> _Aim of the task_: Return the data below exactly as given, except for the images.

-------- Collected data

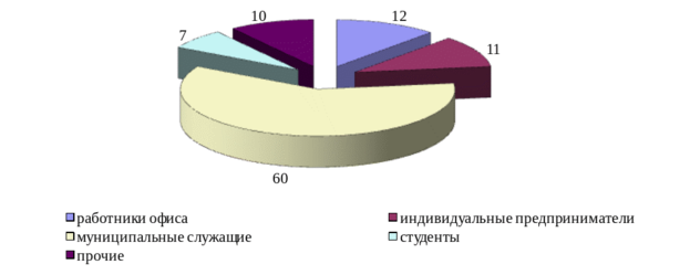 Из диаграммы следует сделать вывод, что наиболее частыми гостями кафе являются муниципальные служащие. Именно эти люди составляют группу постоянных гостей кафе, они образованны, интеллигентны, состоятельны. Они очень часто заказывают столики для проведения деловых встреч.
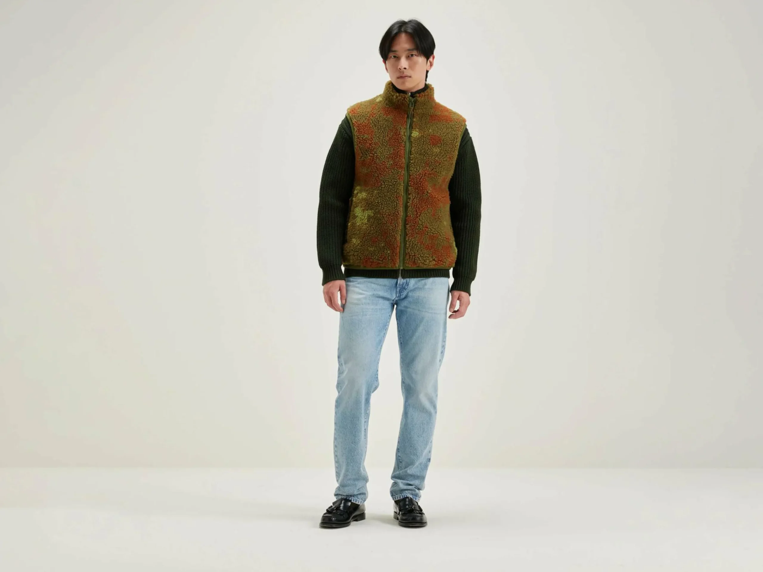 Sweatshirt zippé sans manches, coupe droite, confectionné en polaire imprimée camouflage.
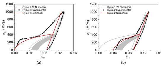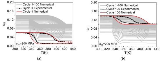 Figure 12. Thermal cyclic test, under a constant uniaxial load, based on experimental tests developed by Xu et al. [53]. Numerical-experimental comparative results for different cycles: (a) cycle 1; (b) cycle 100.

----------------

> _Result of the task_:
 Из диаграммы следует сделать вывод, что наиболее частыми гостями кафе являются муниципальные служащие. Именно эти люди составляют группу постоянных гостей кафе, они образованны, интеллигентны, состоятельны. Они очень часто заказывают столики для проведения деловых встреч.
 Sweatshirt zippé sans manches, coupe droite, confectionné en polaire imprimée camouflage.
 Figure 12. Thermal cyclic test, under a constant uniaxial load, based on experimental tests developed by Xu et al. [53]. Numerical-experimental comparative results for different cycles: (a) cycle 1; (b) cycle 100.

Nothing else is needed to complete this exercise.